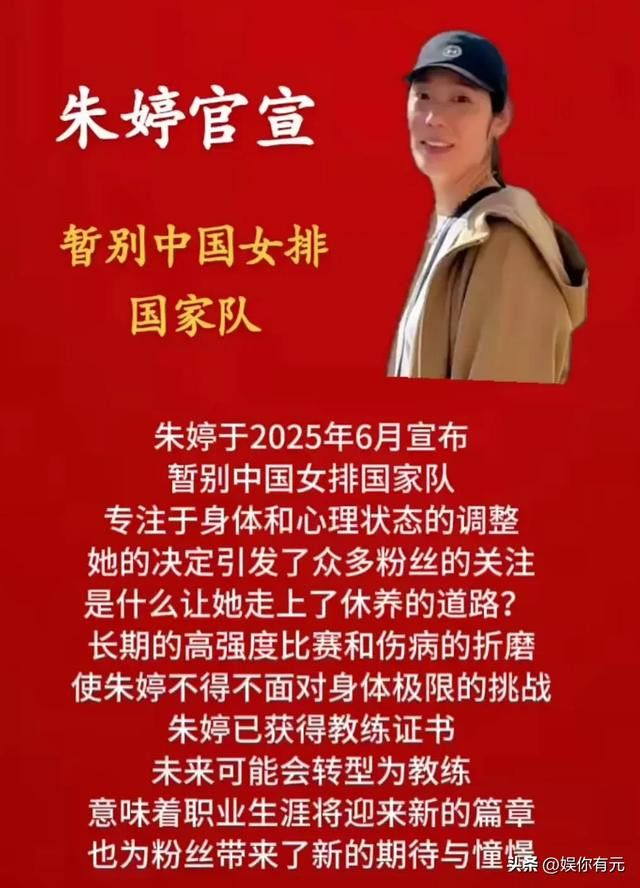 朱婷2025年2月表示要回归河南女排,并要带队参加9月17号在广东的全运会,大家都觉得朱婷要大干一场的时候,她又在6月份突然宣布退出国家队,让大家震惊不已,毕竟朱婷2013年就入选国家队,已经12年了,期间朱婷也为国家队拿了不少荣誉,不过朱婷对外宣布是要调整状态,好好休息,也许没准过阵子又会回来。
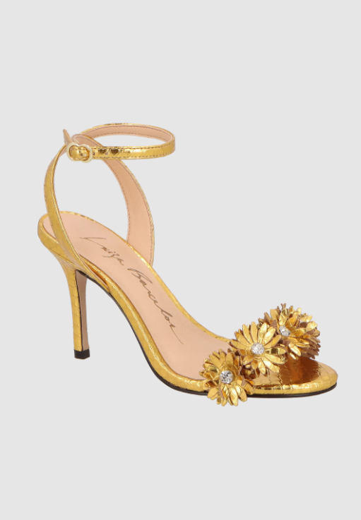 A sandália em couro cobra metalizado no tom de dourado ilumina o visual com sofisticação e um toque artístico. O modelo de salto alto fino traz tira frontal adornada por flores aplicadas com cristais no centro, criando um efeito delicado e ao mesmo tempo impactante. Um calçado que une glamour e modernidade, perfeito para compor produções marcantes com elegância atemporal.
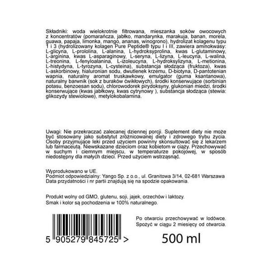 Состав: многократно фильтрованная вода, смесь фруктовых соков из концентраты (апельсин, яблоко, мандарин, маракуйя, банан, абрикос, гуава, папайя, лайм, манго, ананас, виноград), гидролизат коллагена 1 и 3 типа (гидролизованный коллаген Pure Peptide типа 1 и 3, содержит аминокислоты: L -глицин, L-прололин, L-аланин, L-гидроксипролин, L-глутаминовая кислота, L-аргинин, L-аспарагиновая кислота, L-серин, L-лизин, L-лейцин, L-валин, L-треонин, L -фенилаланин, L-изолейцин, L-гидроксилизин, L-метионин, L-гистидин, L-тирозин, L-цистеин), подсластитель (фруктоза), L-аскорбиновая кислота, гиалуронат натрия, диоксид кремния, D-биотин, d- пантотенат кальция, натуральный клубничный ароматизатор, эмульгатор (ксантановая камедь), натуральный краситель (свекольный сок), консерванты (сорбат калия, бензоат натрия), гидрохлорид пиридоксина, глюконат меди, консерванты (яблочная кислота, лимонная кислота), подсластитель (стевия: гликозиды стевиола). ), метилкобаламин.
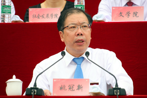 姚冠新强调,坚苦自立首在立志,根在立德,重在立学,旨在立功。他希望同学们志存高远、矢志不移、担当作为,主动做一个信念执着、意志坚强的人;坚持行之以德、求真向善,明大德、守公德、严私德,主动做一个率先崇德修身、引领社会高尚品德的人;博学笃行、实学研攻,主动做一个眼界开阔、思维活跃、知识丰富的人;正确处理好立大功与做小事的关系,厚植知识和才干,在实现青春梦想中,不断开拓人生和事业发展的新境界。他真诚祝愿同学们不负韶华、砥砺前行,在“坚苦自立”中问道大学之“大”,奋力书写幸福生活、辉煌事业和卓越人生的精彩华章。
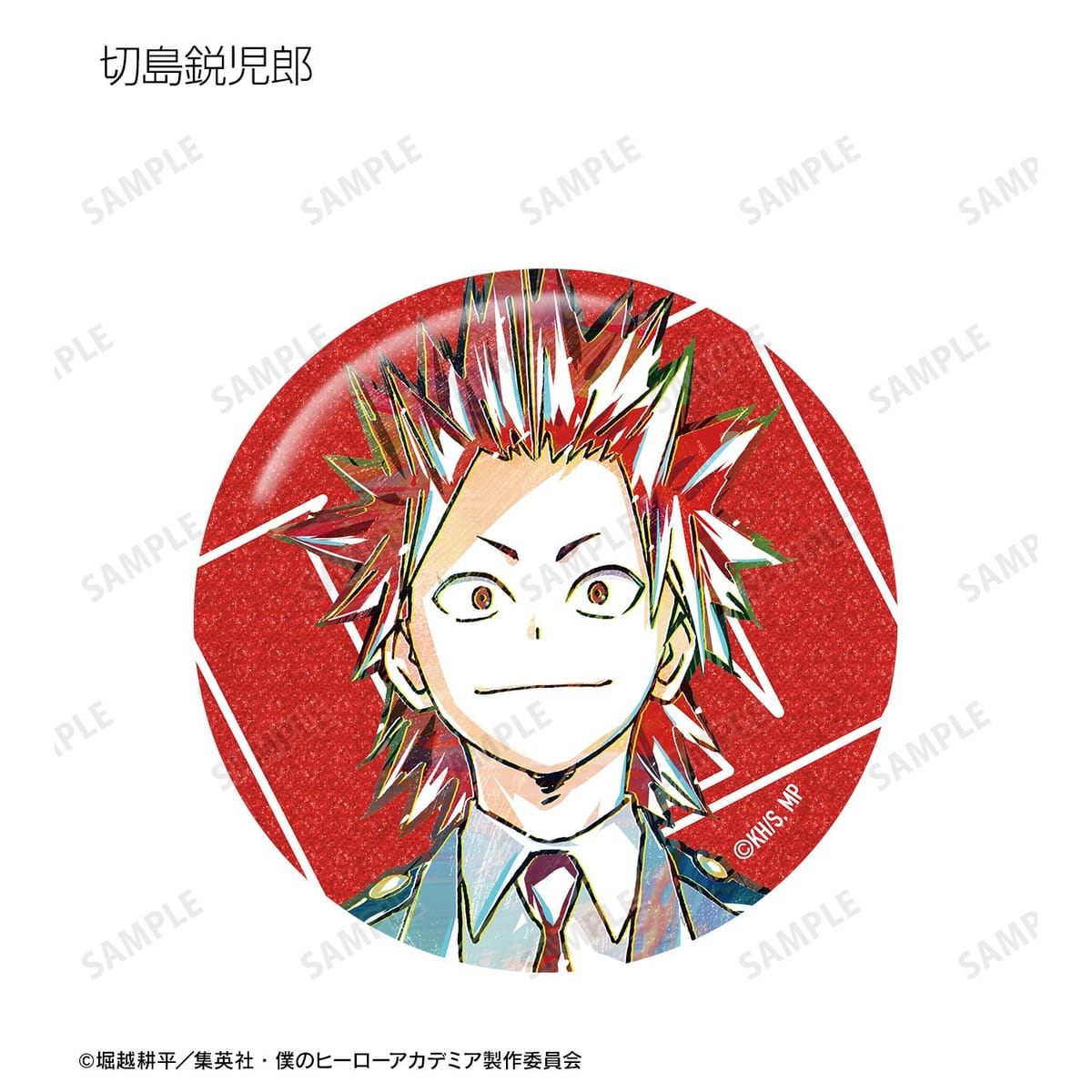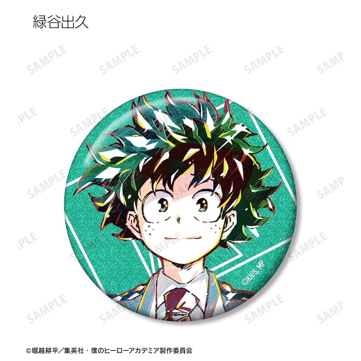 緑谷出久、爆豪勝己、麗日お茶子、轟焦凍、切島鋭児郎、上鳴電気、耳郎響香、相澤消太を新たなタッチで魅力的に表現し、グリッター加工を施した缶バッジに仕上げました。
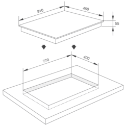 Bếp 2 từ 1 điện MH 03IR N được hoàn thiện theo dạng hình chữ nhật với kích thước D81xR45 cm, tương ứng với lỗ đá D77xR40 cm. Đây là kích thước phù hợp với đa số không gian bếp của gia đình Việt Nam, vừa đảm bảo nhu cầu nấu ăn tiện lợi vừa tối ưu diện tích để bạn có thể bố trí thêm các thiết bị bếp khác như chậu rửa chén, máy hút mùi, lò nướng,…
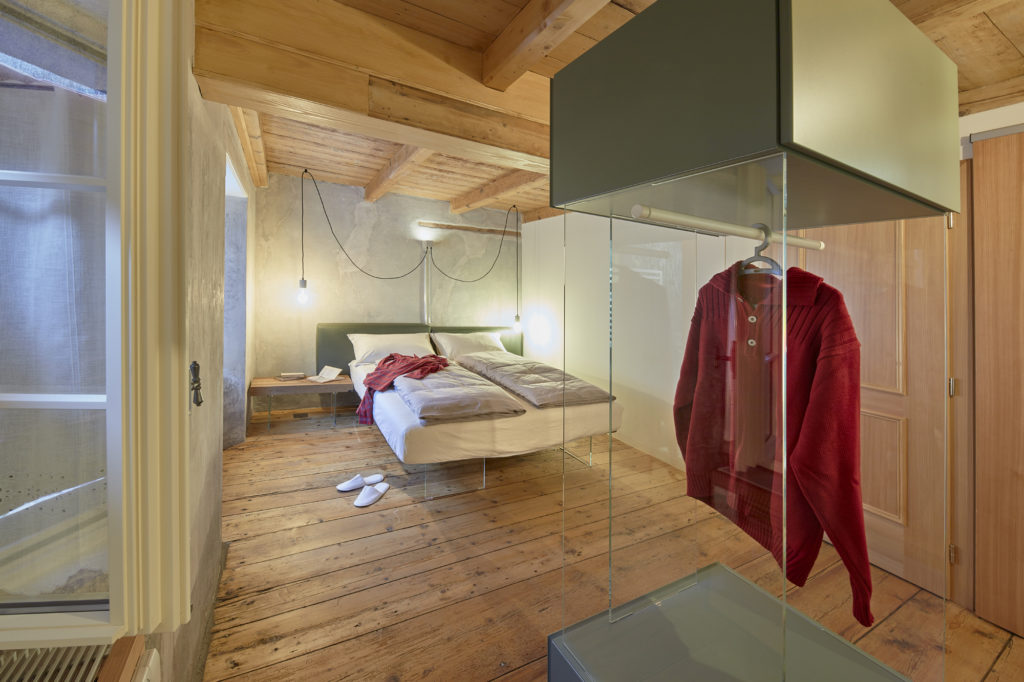 Camerata nel sottotetto di 35 m2, luminosa e confortevole; può ospitare da quattro a sei persone. Arredamento semplice, predisposto per piccoli gruppi senza grandi esigenze, che usufruiscono del proprio sacco a pelo; armadietti a disposizione nella camerata. Doccia e wc, scalda asciugamani e asciugacapelli, cassaforte e wi-fi.
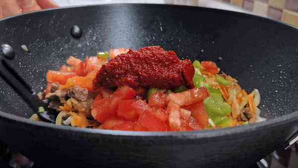 Далее идут сладкий болгарский перец и помидоры. Выкладываем их в казан и сразу добавляем томатную пасту.
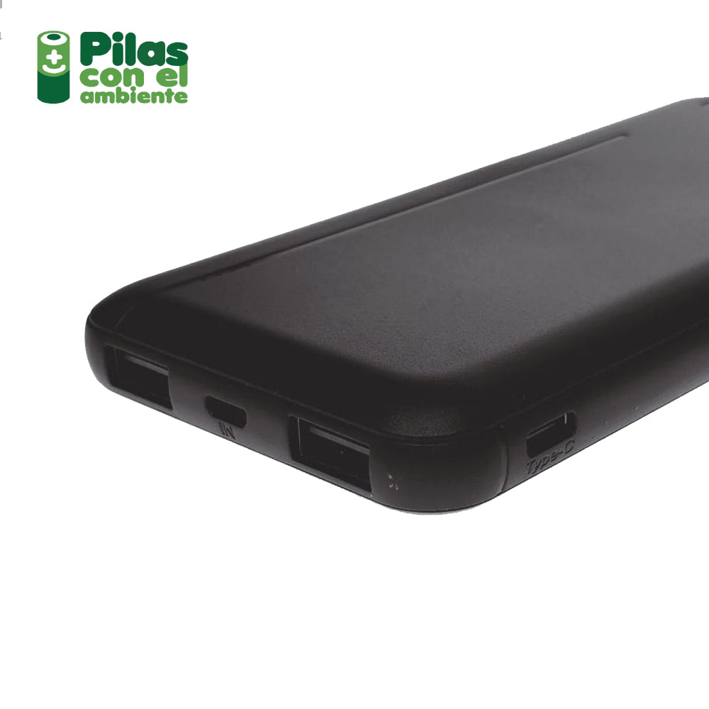 Pila plástica recargable de 10000mAh. Dos puertos USB, un puerto Tipo C, un puerto Micro. Incluye cable Tipo C para cargar la batería. Empaque caja individual.

• • •

Try it =>
The required output is every line from the beginning of the material above through the line with "A sandália em", exact and without pictures.

Result =>
 朱婷2025年2月表示要回归河南女排,并要带队参加9月17号在广东的全运会,大家都觉得朱婷要大干一场的时候,她又在6月份突然宣布退出国家队,让大家震惊不已,毕竟朱婷2013年就入选国家队,已经12年了,期间朱婷也为国家队拿了不少荣誉,不过朱婷对外宣布是要调整状态,好好休息,也许没准过阵子又会回来。
 A sandália em couro cobra metalizado no tom de dourado ilumina o visual com sofisticação e um toque artístico. O modelo de salto alto fino traz tira frontal adornada por flores aplicadas com cristais no centro, criando um efeito delicado e ao mesmo tempo impactante. Um calçado que une glamour e modernidade, perfeito para compor produções marcantes com elegância atemporal.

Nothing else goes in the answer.